Phase I Study of the Investigational Aurora A Kinase Inhibitor Alisertib plus Rituximab or Rituximab/Vincristine in Relapsed/Refractory Aggressive B-cell Lymphoma

Abstract

Purpose: The aurora A kinase inhibitor alisertib demonstrated single-agent clinical activity and preclinical synergy with vincristine/rituximab in B-cell non-Hodgkin lymphoma (B-NHL). This phase I study aimed to determine the safety and recommended phase II dose (RP2D) of alisertib in combination with rituximab ± vincristine in patients with relapsed/refractory aggressive B-NHL.

Patients and methods: Patients with relapsed/refractory, diffuse, large, or other aggressive B-NHL received oral alisertib 50 mg b.i.d. days 1 to 7, plus i.v. rituximab 375 mg/m2 on day 1, for up to eight 21-day cycles (MR). Patients in subsequent cohorts (3 + 3 design) received increasing doses of alisertib (30 mg starting dose; 10 mg increments) b.i.d. days 1 to 7 plus rituximab and vincristine [1.4 mg/m2 (maximum 2 mg) days 1, 8] for 8 cycles (MRV). Patients benefiting could continue single-agent alisertib beyond 8 cycles. Cell-of-origin and MYC/BCL2 IHC was performed on available archival tissue.

Results: Forty-five patients participated. The alisertib RP2D for MR was 50 mg b.i.d. For MRV (n = 32), the RP2D was determined as 40 mg b.i.d. [1 dose-limiting toxicity (DLT) at 40 mg; 2 DLTs at 50 mg]. Drug-related adverse events were reported in 89% of patients, the most common was neutropenia (47%). Seven patients had complete responses (CR), 7 had partial responses (PRs); 9 of 20 (45%) patients at the MRV RP2D responded (4 CRs, 5 PRs), all with non-germinal center B-cell (GCB) diffuse large B-cell lymphoma (DLBCL).

Conclusions: The combination of alisertib 50 mg b.i.d. plus rituximab or alisertib 40 mg b.i.d. plus rituximab and vincristine was well tolerated and demonstrated activity in non-GCB DLBCL.

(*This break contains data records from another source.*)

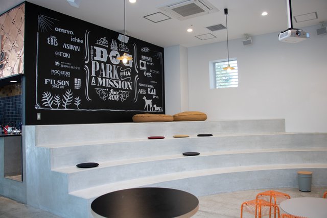 犬と一緒にくつろげるコミュニティスペース。イベントにも活用される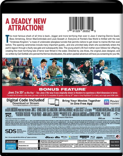 The most famous shark of all time is back... bigger and more terrifying than ever in Jaws 3 starring Dennis Quaid, Bess Armstrong, Simon MacCorkindale and Louis Gossett Jr. Everyone at Florida's Sea World is thrilled with the new "Undersea Kingdom," a maze of underwater plexiglass tunnels that permits visitors to get closer to marine life than ever before. The opening ceremonies include many important guests... and one uninvited baby shark who accidentally enters the park's lagoon through a faulty sea gate and subsequently dies. The young shark's 35-foot mother soon follows her offspring, creating the most horrifying tale of terror ever filmed in the water. Directed by Joe Alves, the original Jaws designer, and co-written by Carl Gottlieb who penned the first two blockbusters, this action-packed adventure will have you screaming for your life.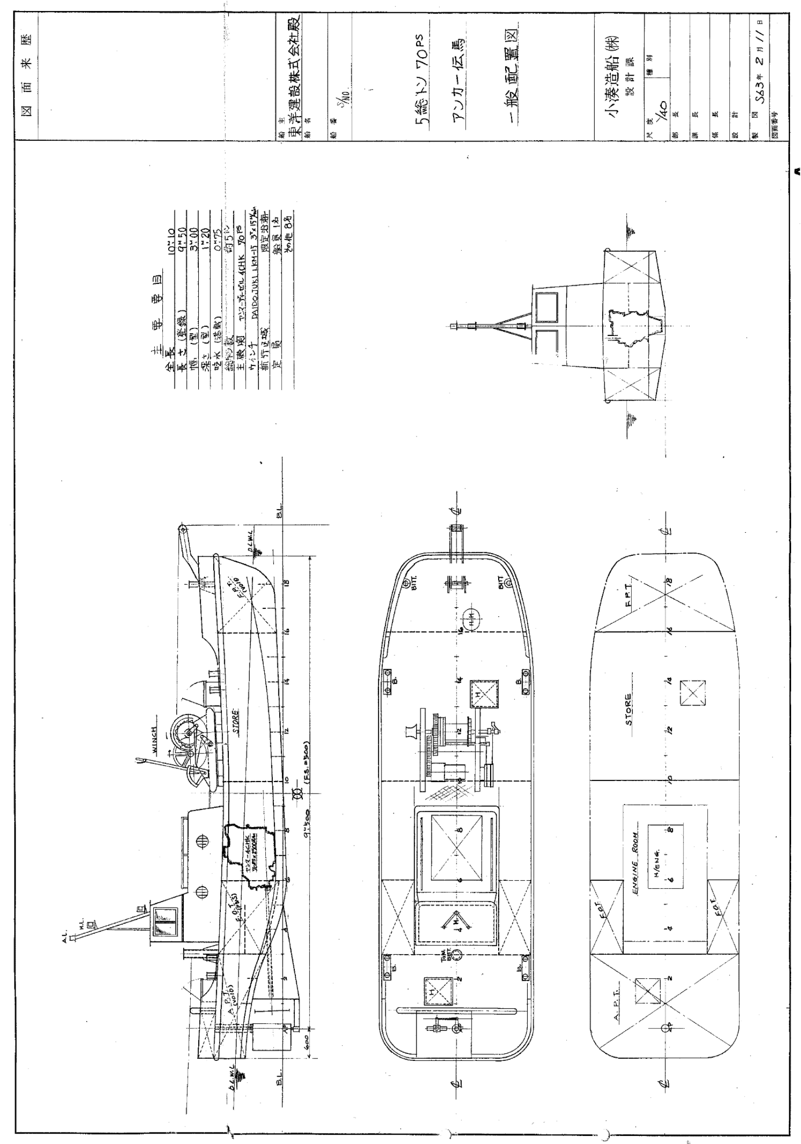 Ship introduction船舶紹介 Home 船舶紹介 揚錨船 さんご3号 揚錨船さんご3号 船舶概要 船種 揚錨船 船名 さんご3号 総屯数 4.7t 建造年 1988 航行区域 限定沿海 船体主要寸法 (m) 長(L) 9.5m 幅(B) 3.0m 深(D) 1.2m 喫水 0.75m 動力性能・動力装置 航海速力 6ノット 推進機関 51.5kW×1基 (70PS×1 基) 巻上能力 29.4kN(3tf) 一般配置図 PDFを開く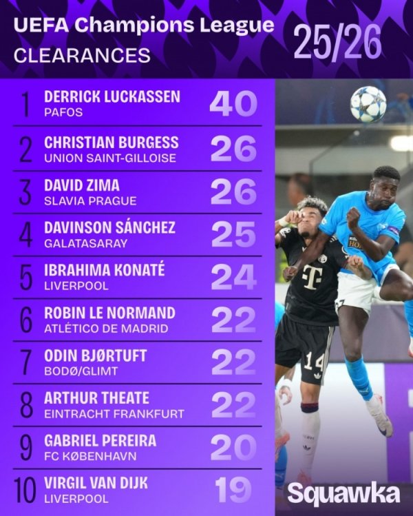 本赛季欧冠突围榜:卢卡森40次断崖式提高,科纳特范戴克上榜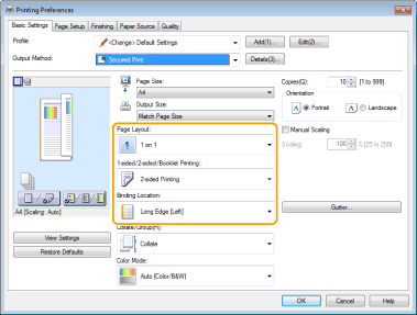 [Page Order] [1-sided/2-sided/Booklet Printing] [Binding Location].

Trial registration: ClinicalTrials.gov NCT01397825.

Conflict of interest statement

Disclosure of Potential Conflicts of Interest

K.R. Kelly reports receiving commercial research grants from Takeda. J.W. Friedberg is a consultant/advisory board member for Bayer and Astellas. S.I. Park reports receiving commercial research grants from Bristol, Myers, Squibb; Seattle Genetics; Teva; and Takeda; reports receiving speakers bureau honoraria from Seattle Genetics; and is a consultant/advisory board member for Bristol, Myers, Squibb; Rafael Pharma; G1 Therapeutics; Teva; and Gilead. J. Hayslip is an employee of AbbVie. D. Persky is a consultant/advisory board member for Genentech, Sandoz and Morphosys. S. Puvvada reports receiving commercial research grants to their institution from Spectrum, AbbVie, Genentech, Seattle Genetics, Takeda, and Janssen; reports receiving speakers bureau honoraria from Gilead Sciences; and is a consultant/advisory board member for AbbVie, Genentech, Pharmacyclics, and Seattle Genetics. G. Monohan holds ownership interest (including patents) in Johnson & Johnson, Novartis, and Pfizer. X. Zhou is an employee of Xiaofei Zhou. E. Sheldon-Waniga is an employee of Takeda. D. Mahadevan reports receiving speakers bureau honoraria from Pfizer. No potential conflicts of interest were disclosed by the other authors.

©2018 American Association for Cancer Research.